Imagine that you get food to feed your family for turning in trash! Every resident of the mega city became a waste collector because trash had been transmogrified to food. They didn’t see the heaps of trash as disgusting anymore; they saw them as meal tickets and they were! For residents who brought along recyclable wastes exchanged them for vouchers (“puntos verdes”, or green points) that could be used at nearby farmers markets to purchase food.
According to reports by the city’s media in 2012, more than 3,000 families brought almost 11 tonnes of recyclable waste on the market’s opening day.
Today, it pops up on the second Sunday of the month at locations across the capital and attracts more than 4,000 people. They exchange an average of 15 tonnes of waste every month – from paper, glass and cardboard, to plastic bottles, aluminium cans and small electrical appliances.
What a smart way to manage waste right? However, the most interesting thing is not the waste management.

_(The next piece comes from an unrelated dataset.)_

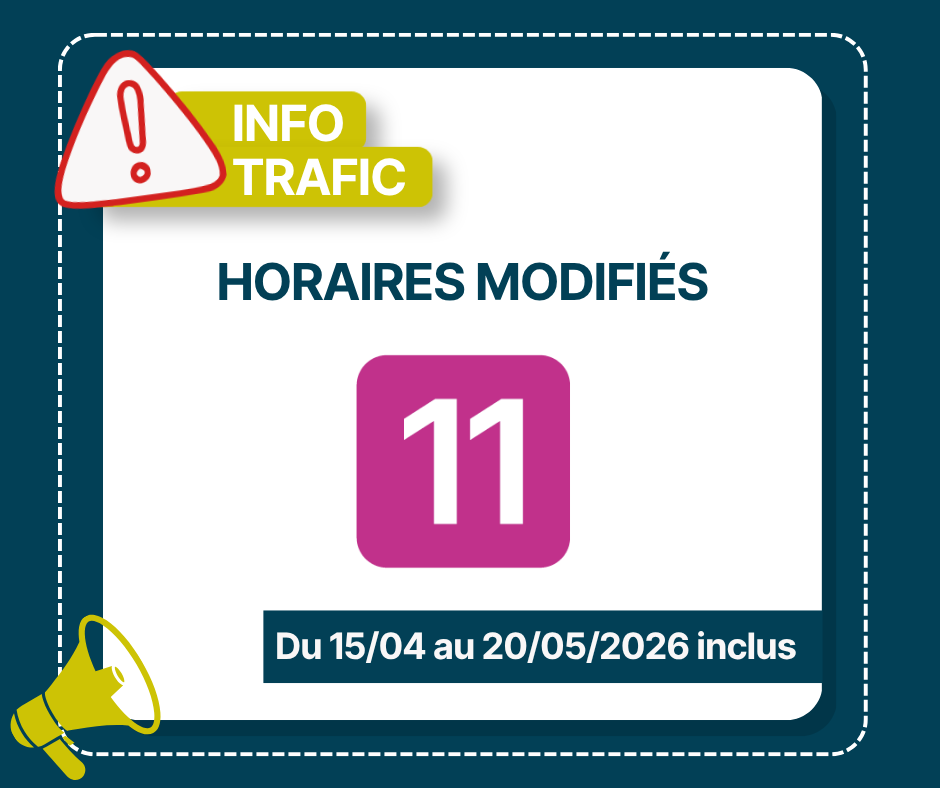 HORAIRES LIGNE 11 MODIFIÉS - Aéroport Publié le mer 08/04/2026 - 17:18 En raison des travaux sur la piste principale de l'aéroport de Bâle-Mulhouse, les horaires de la ligne 11 sont modifiés. Consultez les horaires provisoires, valables du mercredi 15 avril au mercredi 20 mai 2026 inclus : - Ligne 11 : Gare de Saint-Louis - EuroAirport - Ligne 11 : EuroAirport - Gare de Saint-Louis Merci pour votre compréhension.

It is the social, economic and environmental benefits of the Mexico barter market. As well as recycling more waste, it raises awareness of the problem and need for a better recycling culture. The scheme also incentivises people to buy fresh, locally grown food. This helps boost the local agricultural economy and generates both public and private-sector jobs (for example, in food production and waste collection) – a much-needed shot in the arm in a city where a quarter of a million people are unemployed.
I envy the people of Mexico City and you should. What smart government they have! Imagine all myriad of economic problems that would be eradicated in Nigeria if we just had government that actually thought things through?

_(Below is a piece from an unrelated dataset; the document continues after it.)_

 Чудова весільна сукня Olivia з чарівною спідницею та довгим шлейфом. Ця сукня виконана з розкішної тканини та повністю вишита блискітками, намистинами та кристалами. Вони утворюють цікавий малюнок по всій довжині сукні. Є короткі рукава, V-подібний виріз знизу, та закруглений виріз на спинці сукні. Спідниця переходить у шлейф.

It was a local government initiative! We have self acclaimed professionals throwing big grammars into the air but who does their grammar help?
Where are those proverbial thinking caps? I bet in Nigeria, they are extinct!
Just imagine a barter market in Ibadan for instance… with the piles of trash lying around fallow in the big city. Imagine how life will be… not only will the waste be properly disposed, agriculture will thrive. Yes, more people will go into farming because they would want to become distributors for the government. The hunger will cease. The sprawling population of beggars and area boys will drastically reduce when they know they can pick up trash and convert it to food.
Imagine a barter market in Kano, Onitsha, Lagos… wouldn’t life be better?
An enterprising market like the one in Mexico City, typifies the kind of imaginative thinking required to move a nation forward. While in Mexico they say that one man’s trash is another man’s treasure, here, in Nigeria, we remain hungry.